Parallel to this, its look at the way Meghan is a lightning rod for social media hatred is particularly compelling. Her case aligns with verified data concerning marginalized people being the main targets of online abuse and violent threats. Harry may sound hyperbolic when he calls social media bullying a humanitarian crisis, but once Bot Sentinel founder and CEO Christopher Bouzy breaks it down, you realize he's not so far off.

Bot Sentinel is a non-partisan enterprise dedicated to combatting disinformation and targeted harassment by monitoring accounts for signs of trolling and inauthentic accounts.
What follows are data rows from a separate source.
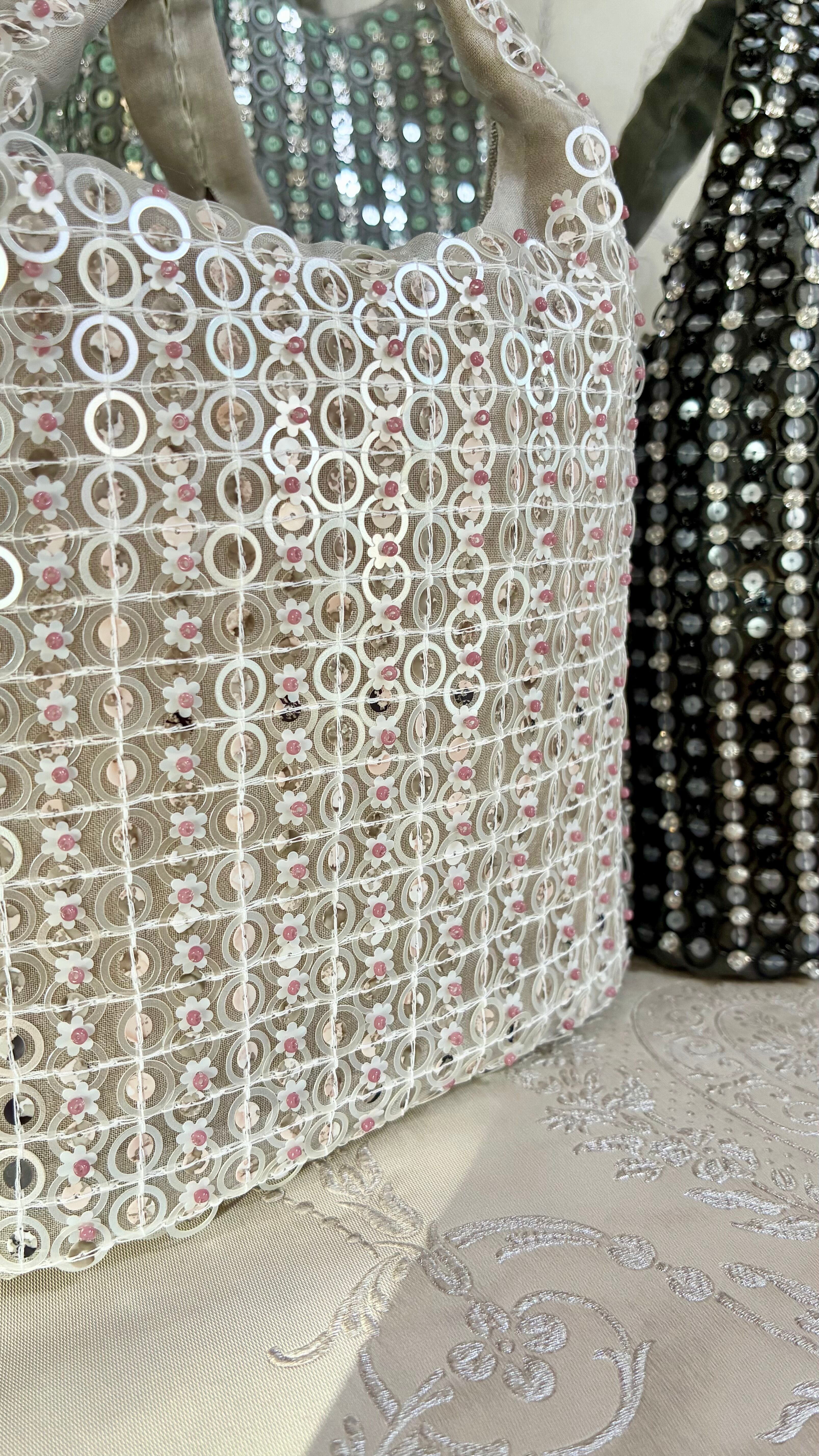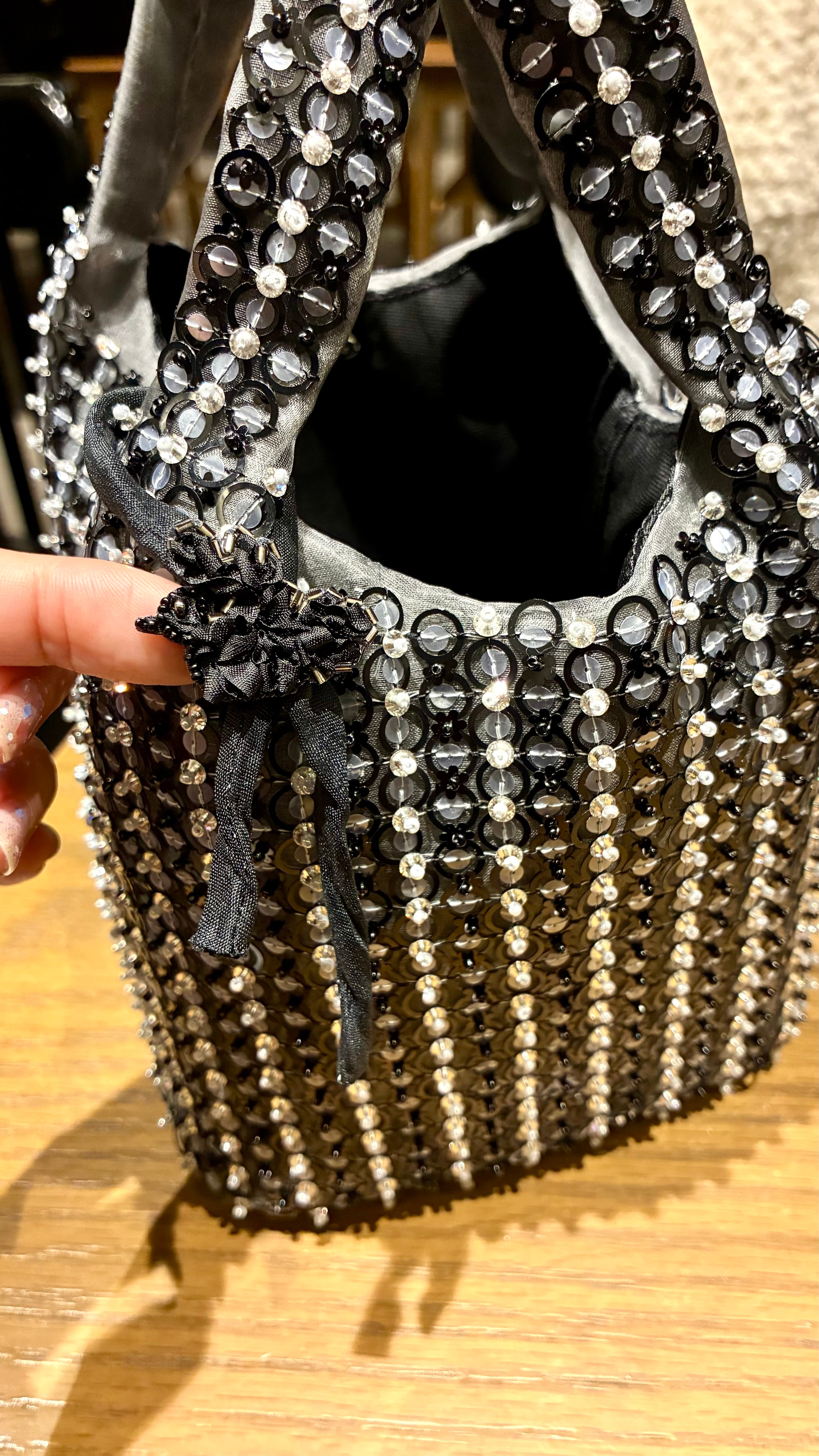 フェミニンで清楚、柔らかいイメージ。マーブル柄が珍しいスパンコールはベビーピンク×グレーをセレクト。真っ白なバッグではなく、グレージュのような落ち着いたカラーです。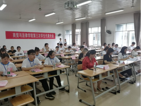 6月27日下午,商贸与法律学院第三次学生代表大会在1408教室隆重召开。商贸与法律学院党总支副书记刘雪、团总支书记许承婷、团总支副书记谭海练、辅导员傅秋月、第三届团总支学生会书记团和主席团成员、各校级组织代表、各二级学院团学代表及商贸与法律学院团总支学生会代表和团支部代表受邀出席。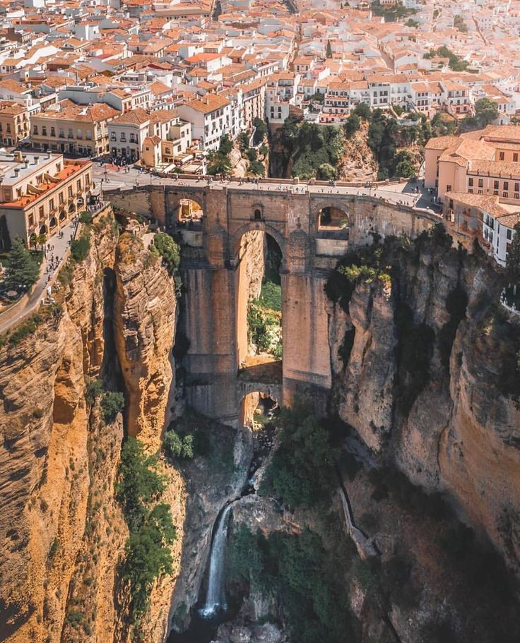 A spectacular bridge crossing a 390 ft chasm of the Guadalevín River in southern Spain, connecting the town of Ronda. The chamber above the central arch was once used as a prison and torture chamber.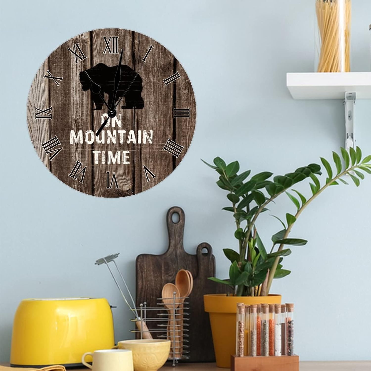 This wood art wall clock is well for a home with modern design, rustic country style and vintage decor. It's an absolute must for anywhere you call home. Add charm and an affirmation of positivity and gratitude into your home decor with this cute piece of hanging wall decor.PRODUCT DETAILS:- Size : 15 Inch.- Material : Wooden,1 x AA Battery (Not Included).- Design: The dial pattern is vintage bear, allowing people to get a sense of the time when they free.- Home Decor: Our wall clocks great for any room at home, work office or classroom. Such as your kitchen, living room, bedroom, family room, meeting room or dining room.- Quiet Enough: The clock is silent so you do not need to worry about the constant ticking of regular clocks when you need some peace to concentrate on your work or enjoy a full night of undisturbed sleep.- Easy To Read:Big and vintage Roman numerals indicate at every hour and minute tracker make it easy to see from any corner of your room.-Easy on Hang:There are hooks on the back of the clock,you can hang on any nail, screw or or small wall hook.-Keep Good Time: This clock add to its simplistic looks and provides you with accurate, perfect time. Keeping accurate time to each second making sure you are never late.- Gift Ideas: A perfect gift idea for your mom, dad, sister, brother, grandma, wife, husband, and all other beloved ones with many surprising designs. You can give it as a birthday, Christmas, New Year,Valentine's Day, anniversary, and housewarming present.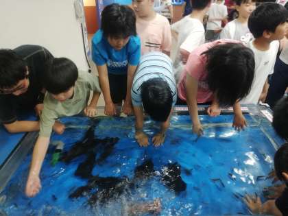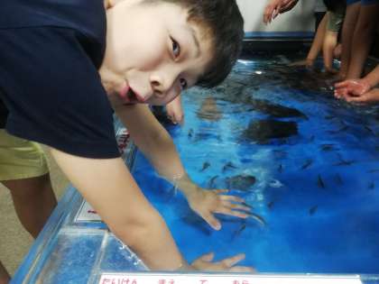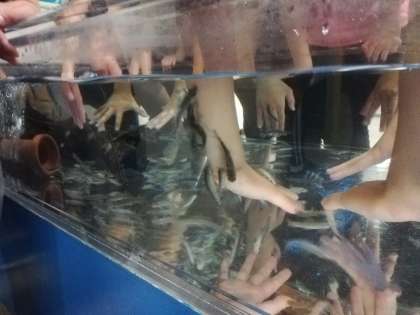 ドクターフィッシュに手の古い角質を食べてもらっています。とてもくすぐったそうです。
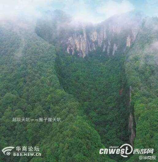 陕西省国土资源厅今天发布:我省汉中发现了分布有49处天坑的罕见世界级天坑群,分布在宁强,南郑,西乡,镇巴。其中,常规天坑31个,大型天坑17个,超级天坑1个(圈子崖天坑口径520米,深度380米),这一发现填补世界溶岩地质研究空白。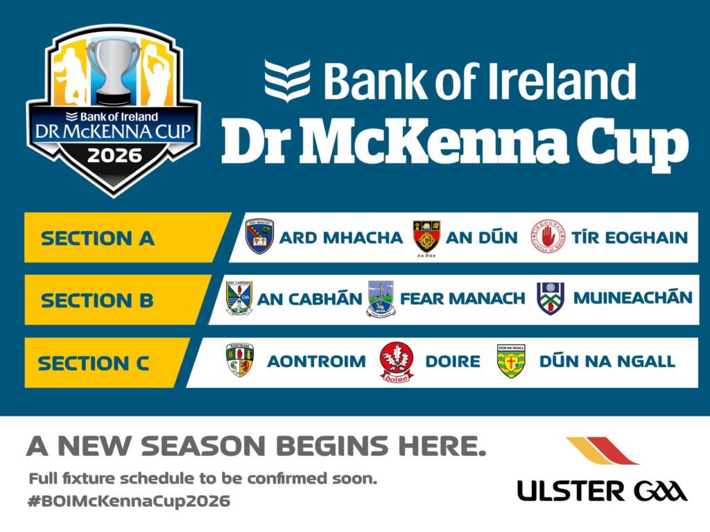 Here are the groups for the upcoming 2026 Bank of Ireland Dr McKenna Cup πŸπŸ†

In the series, Bouzy declares that the online coordination dedicated to stirring up hatred for the couple is unlike anything his company has ever seen.

Meghan, Duchess of Sussex and Prince Harry, Duke of Sussex attend a reception to mark the fiftieth anniversary of the investiture of the Prince of Wales at Buckingham Palace on March 5, 2019 in London, England. (Dominic Lipinski - WPA Pool/Getty Images)

His company analyzed 114,000 tweets and found that 70% of the most hateful content originated from 83 accounts that had a reach of 17 million users. Most of the content was produced by middle-aged white women, said Bouzy . . . allegedly including Meghan's half-sister Samantha. (Samantha Markle denies involvement through her lawyer, claiming her account was hacked. Sure, Jan.)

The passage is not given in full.